Ladies and gentlemen, we will now begin the question and answer session. Anyone who wishes to ask a question may press star and one on their touchtone telephone. You will hear a tone to confirm that you have entered the queue. If you wish to remove yourself from the question queue, you may press star and two. Questioners on the phone are requested to use only handsets and eventually turn off the volume from the webcast. Anyone who has a question may press star and one at this time. One moment for the first question, please. And the first question comes from Christian Feitz from Kepler Schaffer. Please go ahead.
Yes, good afternoon, everyone. Thanks for taking my two questions, if I may. First of all, the spread between Lysol and standard viscose is relatively small at present. When would you expect this to change for the better, obviously? And then second, the Thailand Lysol plant is in its second year of operation now. When do you expect the first larger maintenance shutdown, if necessary? Thank you.

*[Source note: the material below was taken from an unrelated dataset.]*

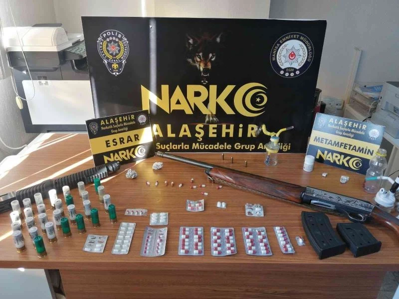 Manisa’nın Alaşehir ilçesinde emniyet güçleri tarafından 10 şahsa ait 11 ikamette eş zamanlı uyuşturucu operasyonu düzenlendi. Yapılan operasyonda çok sayıda uyuşturucuyla birlikte aralarında hakkında 18 yıl 10 ay kesinleşmiş hapis cezası olan bir kişiyle birlikte toplam 10 kişi yakalandı.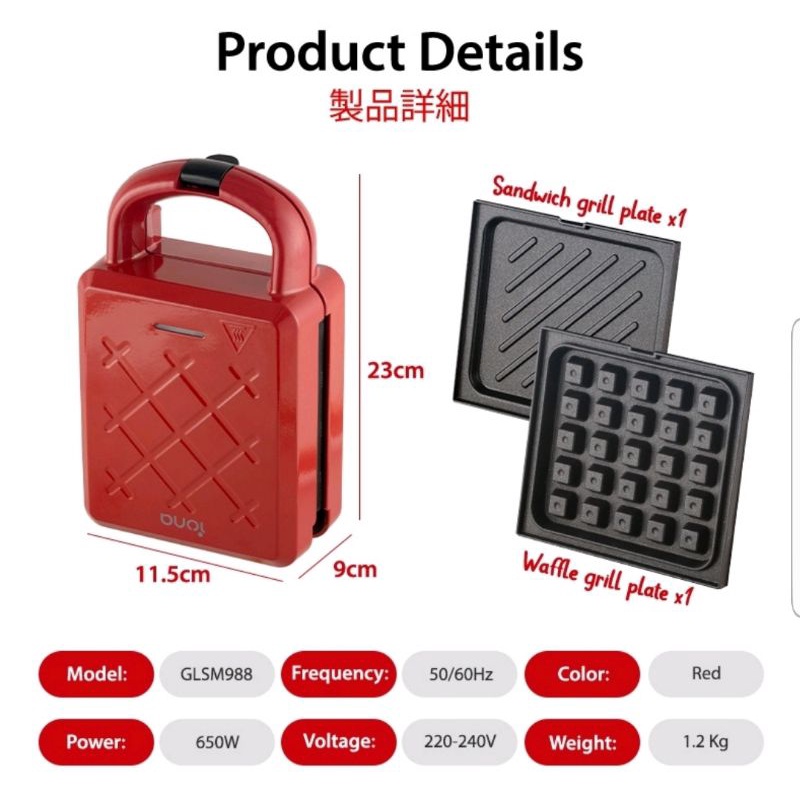 Iona (2 in 1) Sandwich and Waffle Maker (Changeable Paltes) GLSM988 | GLSM 988 (1 Year Warranty)

Thank you. Thank you, Christian. First question with regard to the spread between Lyocell and DISCO's prices. I assume this is market prices. So when we expect that to change, I would hand it over to .
Thanks a lot for the question. I think, first of all, there is nothing like the lyocell price. Even in the lyocell segment, we have specialty products which have indeed quite a spread versus viscous, and there are what we call our 10-cell lyocell classic. And here, the price development depends for sure also on a stronger demand from the upside market. as well as our efforts on branding our product and driving the specialty strategy further. And I take immediately your second question. The Thailand plant is a normal operation and it has, as any of our plants, a normal regular schedule. for shutdown and we did also a shutdown in 23 and we will do again in every year a shutdown. The shutdown period varies between the years depending on the program we have to do as an overhaul.

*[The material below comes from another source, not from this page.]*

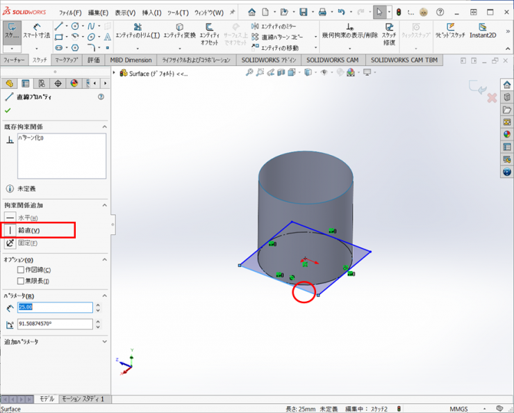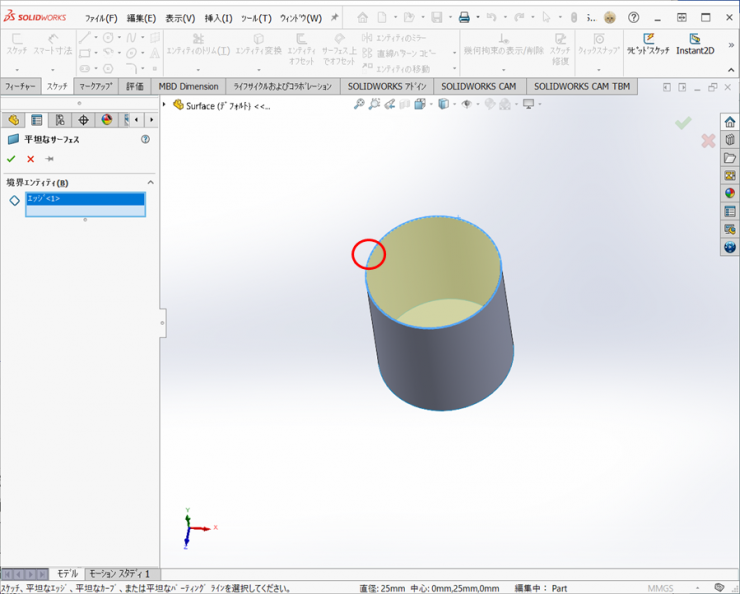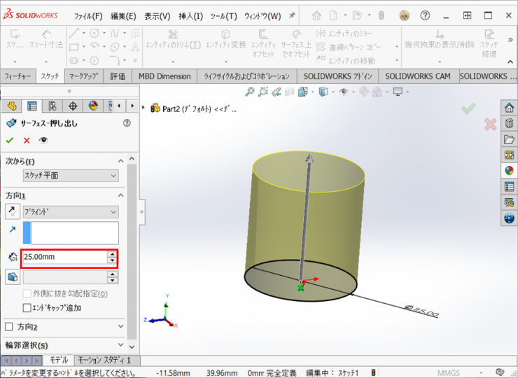 【挿入】>【サーフェス】>【押し出し】で、厚さ25mmの円筒を作成します。

Okay, thank you very much.
And the next question comes from Sean from Chronox Research. Please go ahead.
Good afternoon. Thanks for the time. The first question is just around dissolving wood pulp dynamics. I think in your outlook statement, you sort of flagged a stable demand outlook. I think it would be useful if you could perhaps provide a little bit more color on how you sort of see the dynamics in the next three to six months bringing in the supply side. That's my first question.

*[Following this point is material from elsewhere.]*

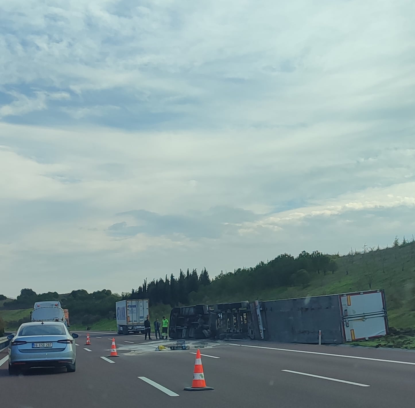 Yaşanan kaza sonrası otoyol jandarması kaza yerinde güvenlik önlemi alırken, sürücü ise kazadan yara almadan kurtuldu.

Yeah, so Stefan, hit up this one.
Yeah. As you can see, our pulp, which we produce, is mainly for our own consumption. On the external market, if you look at the market there, we forecast a pretty stable development of the demand in the dissolved water pulp market.
Okay. Okay, that's great. And then just on the energy front, obviously you calling it out is quite a significant headwind and rightfully so. Could you just remind us your level of backward energy integration and then just sort of link to that sort of what percentage of cash costs energy perhaps was during the quarter? Thanks.
Okay. Let me take the first part of the question, which is the backward integration. And here, it depends on the site. And you have seen that maybe in former publications in our Lansing site, so our headquarter and largest site here. We have a backward integration, which is well above 90%. And we have added to our energy mix, you know, photovoltaic, But we have other plants where we are in a kind of a chemical plant set up, so we are getting energy from local sources. In terms of giving details on energy cost per site, we don't do that.
That's fine. Thank you for that. Sorry, just going back to the energy integration. So at a group level, roughly, what is that as a percentage of total?
Well, sorry, I got your question. To give you a number, I would have to come back to you. As I said, we have various levels on the various sides, and Sebastian Knuth will come back to you with the correct number.
Excellent. Thank you for the time.
So it seems that there are no further questions at this time, so I would like to turn conference back over to Stefan Sielaff for any closing remarks.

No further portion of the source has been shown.